Mr. Graff was nominated by the Company's Nominating and Corporate Governance Committee (the “Committee”) after a thorough review of all of the candidates' backgrounds, relevant experience and professional and personal reputations. The Committee conducted a formal search for nominees and considered recommendations from Board members and management of the Company. There are no arrangements or understanding between Mr. Graff and any other persons pursuant to which Mr. Graff was selected as a Company director.
Mr. Graff will participate in the Company's non-employee director compensation program under which Mr.
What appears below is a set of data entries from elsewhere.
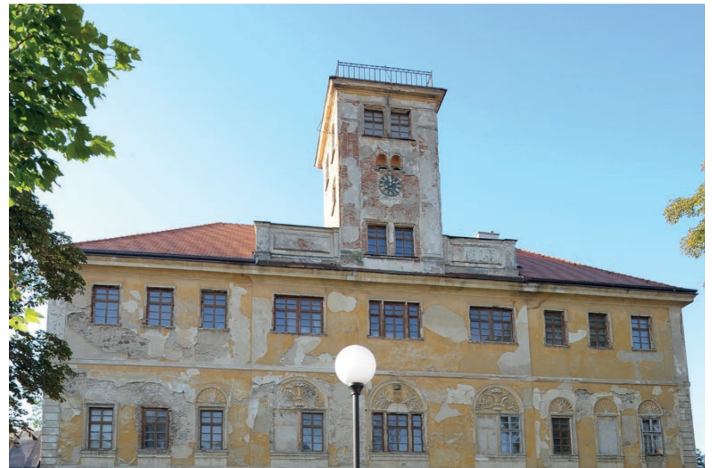
Zámek v srpnu 2024

um rozšíření hmyzu). Zdejší sbírky obsahovaly několik milionů kusů hmyzu, který sloužil jako srovnávací materiál mezidruhových rozdílů a jejich proměnlivosti. Hmyz představuje kolem 75 % všech druhů živočichů na Zemi. Podle studia zkamenělin se objevuje v období devonu před 360 až 410 miliony let. Stává se pionýrem vzdušného prostoru a dodnes nejsou zdaleka popsány všechny druhy. V zámku byly také uloženy doklady o výskytu a rozšíření hmyzu po celém světě a bohatá knihovna. Ve druhém pololetí roku 2014 se entomologické oddělení odstěhovalo se svými sbírkami do nových prostor v Horních Počernicích.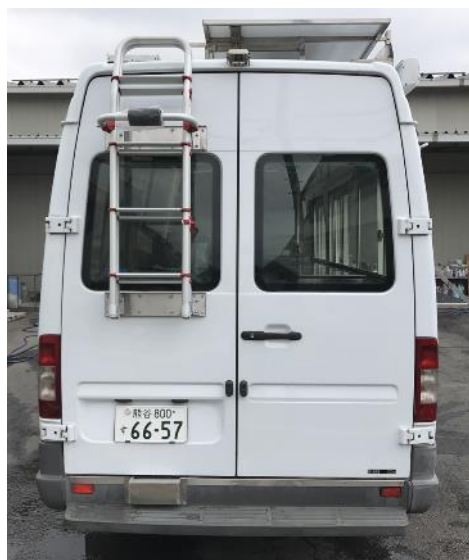
ベンツちょい長II号 (熊谷800 す 6657) 長さ：672 幅：199 高さ：289 ※要中型免許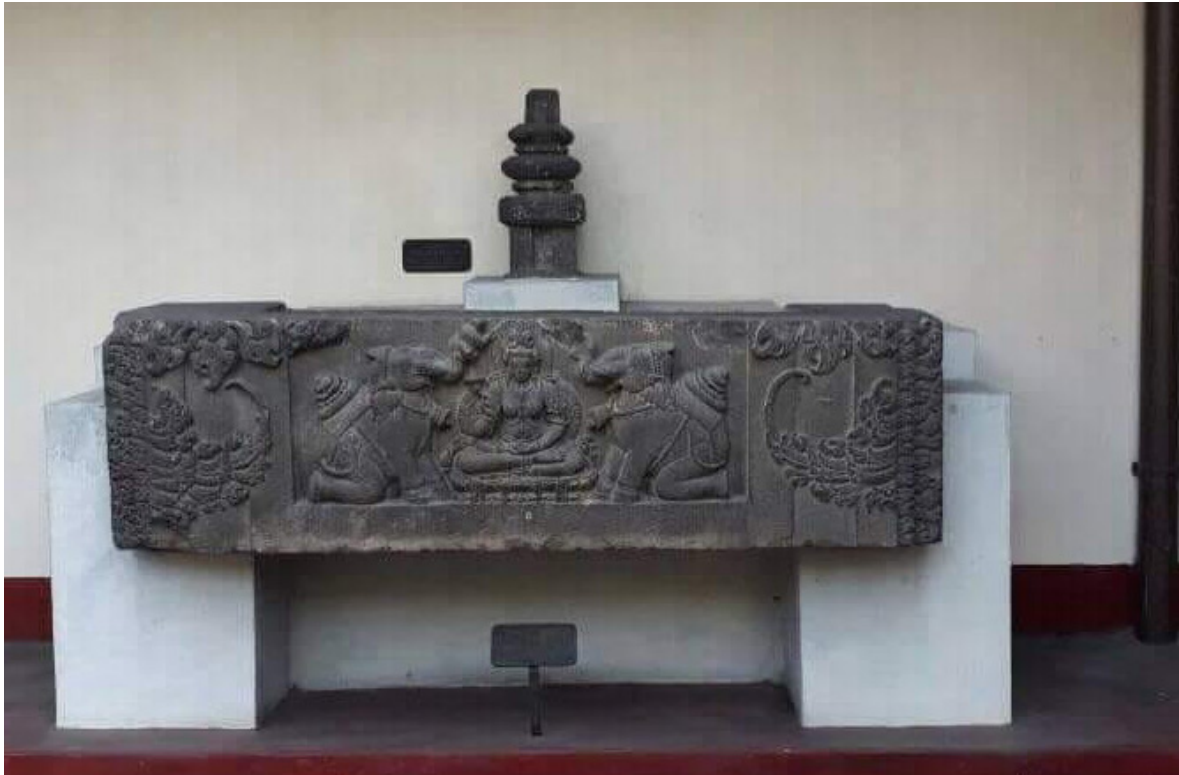
Foto 1. Relief Gaja-Lakṣmī di Museum Sonobudoyo

Berdasarkan keterangan diperoleh dari Buku Induk Koleksi Museum Sonobudoyo , koleksi tersebut merupakan hibah dari Java Instituut, yaitu instansi yang bergerak untuk melestarikan budaya Indonesia, khususnya Jawa, Bali, dan Madura. Kapan tepatnya hibah ini dilakukan tidak tercatat secara jelas, tetapi diperkirakan tahun 1952 ketika pengelolaan museum pindah dari Java Instituut ke Pemerintah Kasultanan Yogyakarta. Koleksi yang memiliki nomor registrasi 11704 dan nomor inventaris 04.2.57 berukuran panjang 171 cm, lebar 47 cm, dan tebal 48,5 cm. Berdasarkan bentuk, koleksi ini diperkirakan ambang pintu atas candi yang ditemukan di Candi Nagasari, Sorogedug, Jawa Tengah.

Graff will receive 1,000 shares of the Company's Class A common stock vesting in two equal tranches of 500 shares on each of the date of issuance and April 1, 2025. A complete description of the Company's non-employee director compensation program is set forth in the Company's proxy statement for the 2024 Annual Meeting of Stockholders, filed with the Securities and Exchange Commission on August 2, 2024 ("Information About Nominees and Continuing Directors - Election of Directors - Director Compensation" and "Compensation and Other Expense Reduction Plan") and is incorporated herein by this reference.
There are no transactions between the Company and Mr. Graff required to be disclosed under Item 404(a) of Regulation S-K.
.
On January 17, 2025, the Company issued a press release announcing the appointment of Mr. Graff as a member of the Board. A copy of the press release is attached as Exhibit 99.1 to this Form 8-K and is incorporated by reference herein.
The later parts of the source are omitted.